The PlayStation 4 version supports 5.1 surround sound with positional sound effects, and NPC communication messages can be directed from the speaker located on the DualShock 4 controller.

In December 2015, Bandai Namco's US branch announced the western release of God Eater: Resurrection and God Eater 2: Rage Burst following a teaser website countdown.

==Reception==

God Eater 2 received positive reactions from critics. Famitsu gave the Vita version of the game a review score of 38/40, whilst the PSP version attained a score of 35/40. God Eater 2 was awarded during the Japan Game Awards 2013 by the Computer Entertainment Supplier's Association during the Tokyo Game Show, as one of eleven titles within the Future Division winners.

The PlayStation Vita version of God Eater 2 topped the Media Create sales charts in Japan during its first week of release by replacing Battlefield 4, selling 266,326 physical retail copies, ahead of Call of Duty: Ghosts and Pro Evolution Soccer 2014 which both also debuted the same week. In addition, the PSP version sold 112,024 copies, placing it in fourth place. The same week, PlayStation Vita console sales jumped up to 46,350 units, doubling over the previous week, while the PlayStation Vita TV, which made its Japan debut the same day as God Eater 2, sold 42,172 units. Prior to release, God Eater 2 was heavily marketed alongside the PlayStation Vita TV game system.

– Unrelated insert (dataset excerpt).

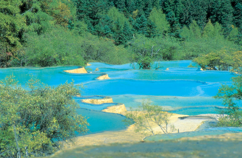 黄龙:黄龙以其雄、峻、奇、野的风景特色,享有“世界奇观”、“人间瑶池”的美誉.近千个彩池规模不同,形状各异。此时此地,恍若进入瑶池仙境。黄龙地区海拔3000米以上,广泛发育着清晰的第四纪冰川遗迹,其中以岷山主峰雪宝鼎地区最为典型。其特点是类型全面,分布密集,最靠东部。此区山高范围广,峰丛林立,单5000米以上高峰就达7座,其中发育着雪宝鼎(5588米)、雪栏山(5440米)和门洞峰(5058米)三条现代冰川,使此区域成为中国最东部的现代冰川保存区。主要冰蚀遗迹有角峰(分布于海拔4000米以上)、刃脊(3800米以上)、冰蚀堰塞湖(3900米以上)等;主要冰碛地貌有终质、中碛、侧碛、底碛等;分布于各冰川谷中,其中终债主要分布高程为3000~3100米、3550~3650米、3750~3850米。现代冰川和古冰川遗迹及其与钙华之间的关系等,均具有重要的科研价值。

Among the Famitsu 2013 Top 100, a listing of the top 100 Japanese retail software sales for the year of 2013 from data collected by Famitsu's parent company Enterbrain, the PlayStation Vita version of God Eater 2 ranked number 20, with 354,498 physical retail sales, whilst the PlayStation Portable version ranked at number 53, with 180,781 retail sales. As of 31 March 2014, the game shipped 700,000 copies within Japan on both the PSP and Vita platforms according to a Namco Bandai financial report for the fiscal year ending March 2014.

God Eater 2 placed fourth place amongst all digital copy games sold on the Japanese PlayStation Network overall in 2013, and the second most-sold digital Vita game behind Dragon's Crown.

God Eater 2: Rage Burst sold 234,180 physical copies on Vita and 37,824 on PS4 within its debut week, placing first and third place respectively for the weekly sales charts.

Aggregate score
| Aggregator | Score |
|---|---|
| Metacritic | PC: 73/100 PS4: 69/100 |

Review scores
| Publication | Score |
|---|---|
| Destructoid | PC: 8/10 |
| Famitsu | VITA: 38/40 PSP: 35/40 PS4/VITA (Rage Burst): 36/40 |
| GameSpot | PS4: 8/10 |

==Sequel==

A sequel, God Eater 3 was released in late 2018 in Japan and early 2019 in worldwide for PlayStation 4 and PC and in middle 2019 for Nintendo Switch. Marvelous Inc, who is best known for creating video game series like Senran Kagura, Rune Factory and Story of Season, replaced Shift.